Jupiter Ascending: Lana Wachowski Says They’re Not Good At Making Small Movies

By Brent McKnight | Published

This article is more than 2 years old

WachowskisYou’d be forgiven for thinking that the personal mantra for the Wachowski siblings must go big or go home. We’re not talking about people who craft small, subdued little indie films here. Since Bound, the first film from Andy and Lana, they’ve delivered nothing but sprawling, highly-stylized, special effects heavy, science fiction actioners. The duo isn’t fond of telling simple stories, either. Just look at their last film, Cloud Atlas, which had multiple actors playing multiple characters across a variety of historical epochs. Regardless of how you feel about their body of work, you have to give them credit for ambition. There just aren’t a ton of filmmakers out there consistently turning out massive sci-fi epics that also want to make you think. From all indications, their next film, Jupiter Ascending, should fit right into the niche the Wachowski’s have carved out for themselves, and by that I mean big and strange.

Strange seems to be the best way to describe the Wachowski’s next film. After all, Mila Kunis plays a Russian peasant who becomes a target for the Queen of the Universe after it comes out that the two have identical DNA. Throw Channing Tatum into the mix as a sort of albino wolf man, and romantic interest, and you have the makings of a very unusual movie.

Talking to the AP outside an Australian awards banquet, Lana Wachowski said, “It’s a science-fiction space opera…It has a lot of things from a lot of genres that we love. It’s got a lot of original action, it’s got a lot of romance.”

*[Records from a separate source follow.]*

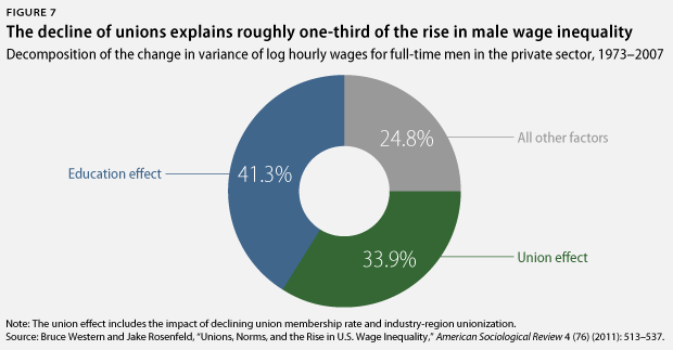 Bruce Western of Harvard University and Jake Rosenfeld of the University of Washington found that the decline of unions from 1973 to 2007 explains up to one-third of rising wage inequality among men and one-fifth among women. Many other studies have similarly reached the conclusion that declining union strength is a key contributor to rising wage inequality.
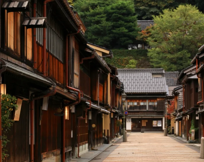 Hvis du fortsatt har energi igjen, kan du avslutte dagen med en spasertur i Kanazawas historiske geishakvartal, Higashi Chaya-distriktet. Når mørket senker seg, blir de smale gatene mykt opplyst av lanterner, og de godt bevarte trehusene fra Edo-perioden skaper en stemningsfull ramme for kvelden. Her senkes tempoet, og den rolige, elegante atmosfæren gir en følelse av å tre tilbake i tid. Kanskje hører du dempet musikk bak en skyvedør eller ser silhuetten av en geisha på vei til en avtale, mens byen sakte faller til ro.
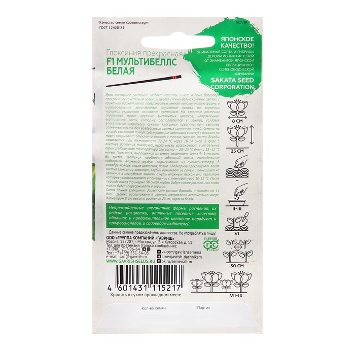 Семена Глоксиния "Мультибеллс белая", ц/п, F1 4 шт.
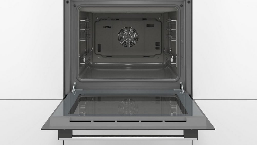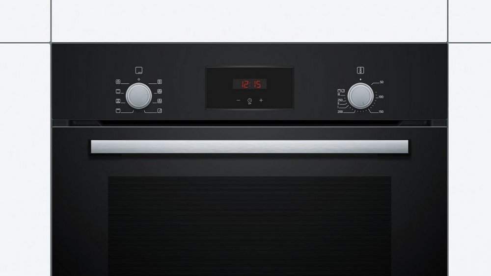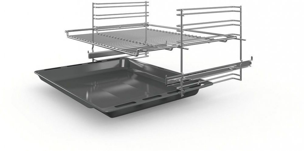 Vestavná trouba, kapacita 66 l, funkce rychlého předehřátí, ecoClean, dětská pojistka, LED displej, zápustné otočné voliče, jednonásobný teleskopický výsuv
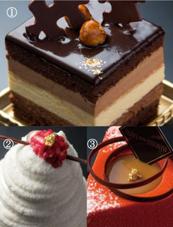 ブラウニー生地の上に、ブラック・ミルク・ホワイトの3層のムースをのせ、チョコレートのグラサージュで仕上げました。
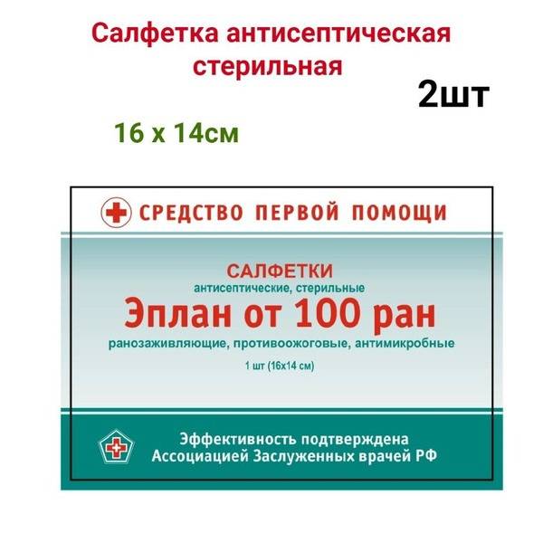 Epllan® 100 Wounds® Sterile Antiseptic Wipes provide first aid for minor injuries. These 16 x 14 cm wipes offer antimicrobial, anti-inflammatory, and wound-healing properties. Ideal for cleaning and treating cuts, scrapes, abrasions, minor burns (I, II, IIIa), and other superficial skin injuries. Non-adhesive to the wound. Two wipes per pack.
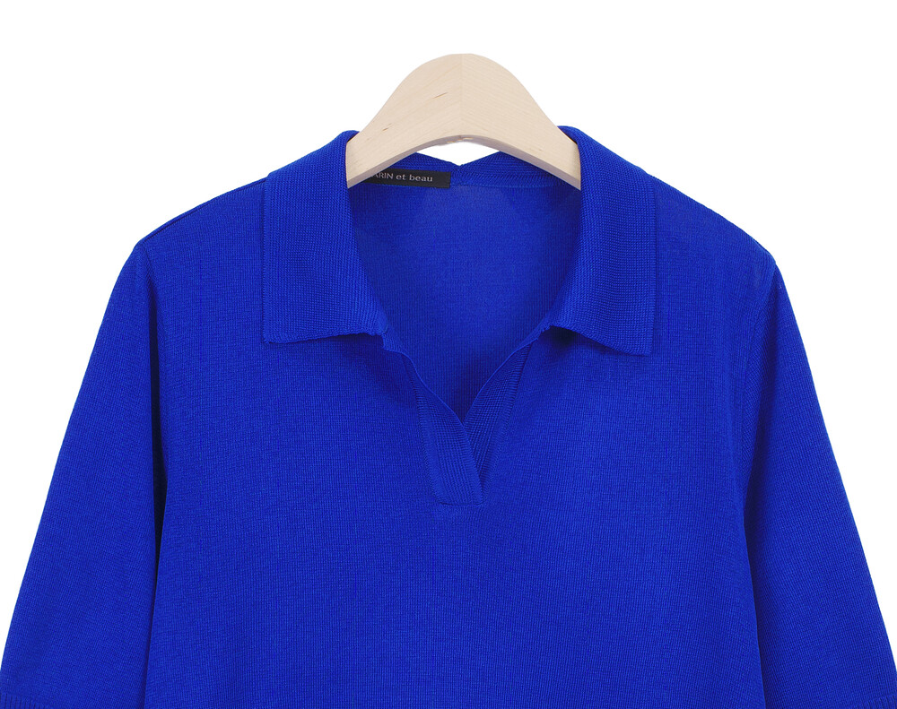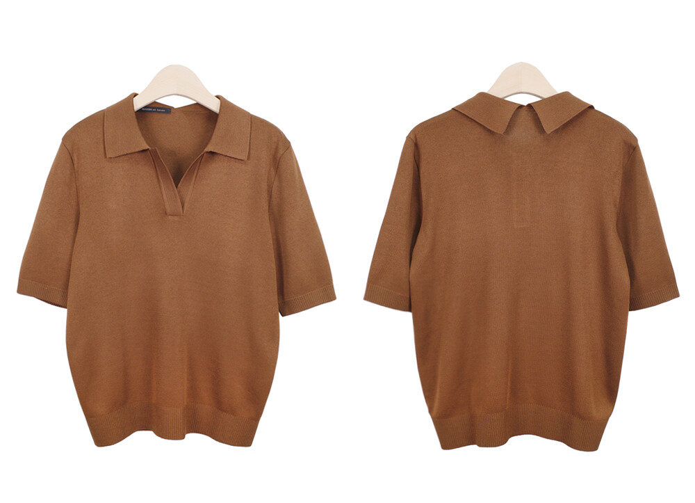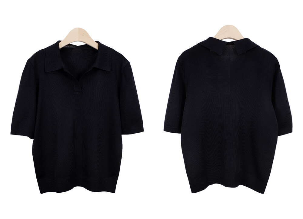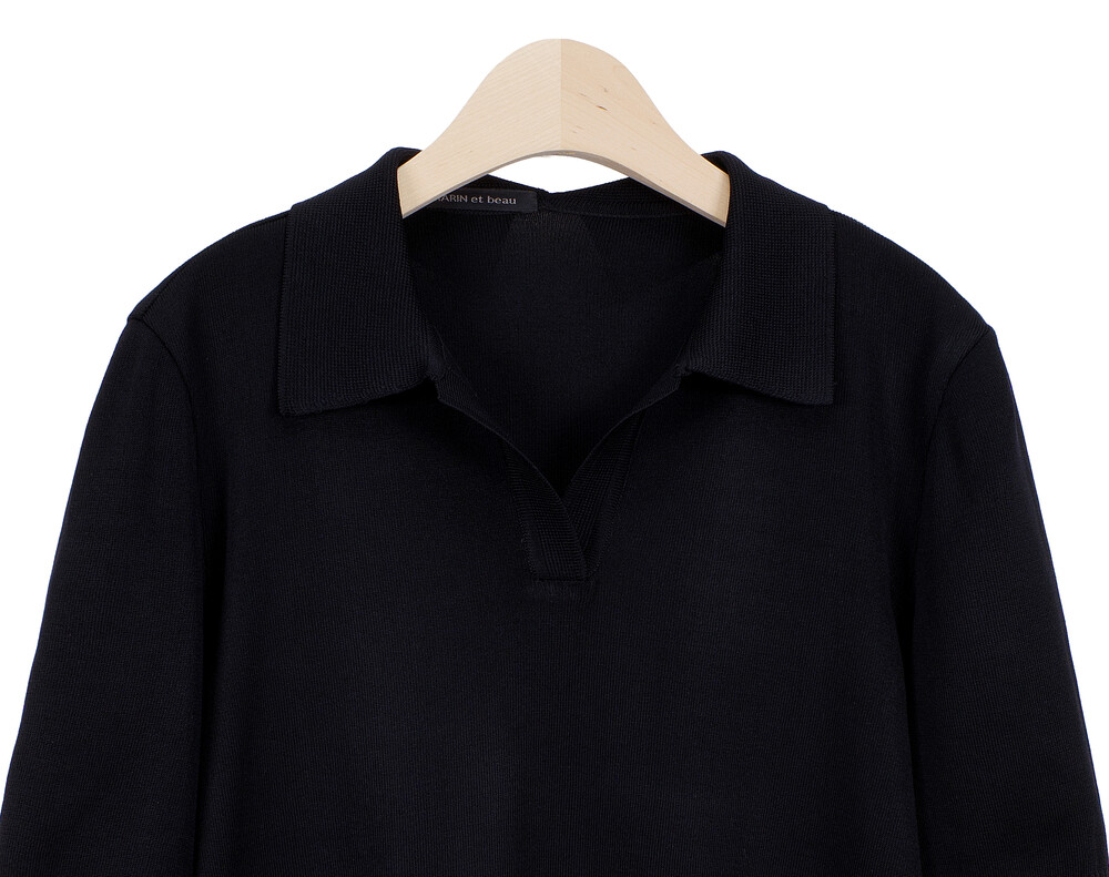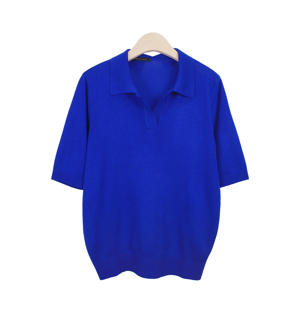 MARIN et beau. Notch Neck Collar Half Sleeve Top

She went on to address the sibling’s penchant for the unusual and their seeming inability to restrain the size and scope of each successive film:

We seem not to be very good at making small things. We keep saying ‘Let’s go make a small movie.’ But then they always end up being enormously complex…want to somehow always find something that is different or that no one has tried.

Again, in an age where everything is a sequel, a reboot, or some other new term for rehash, it’s nice that there are still people out there willing to take risks and do something bold and original, even if it means falling on their face in the process. While many critics praised the film, Cloud Atlas tanked at the box office.

Jupiter Ascending is currently in post-production, and according to Andy Wachoswki, they have encountered far fewer potholes and speed bumps than last time out. Considering how layered and intricate their films usually are, it’s saying something serious when Andy calls the special effects work on their latest project, “way more complicated” than normal.

And because a movie of this size and scale isn’t enough to keep them busy, the Wachoski’s are scheduled to begin pre-production on an original Netflix series called Sense8 in January. The ten episode run, which the siblings developed with J. Michael Straczynski (Babylon 5), seeks to explore the ways that technology simultaneously unites and divides us. Sense8 should hit streaming sometime late in 2014, while Jupiter Ascending is set to launch July 25 of next year.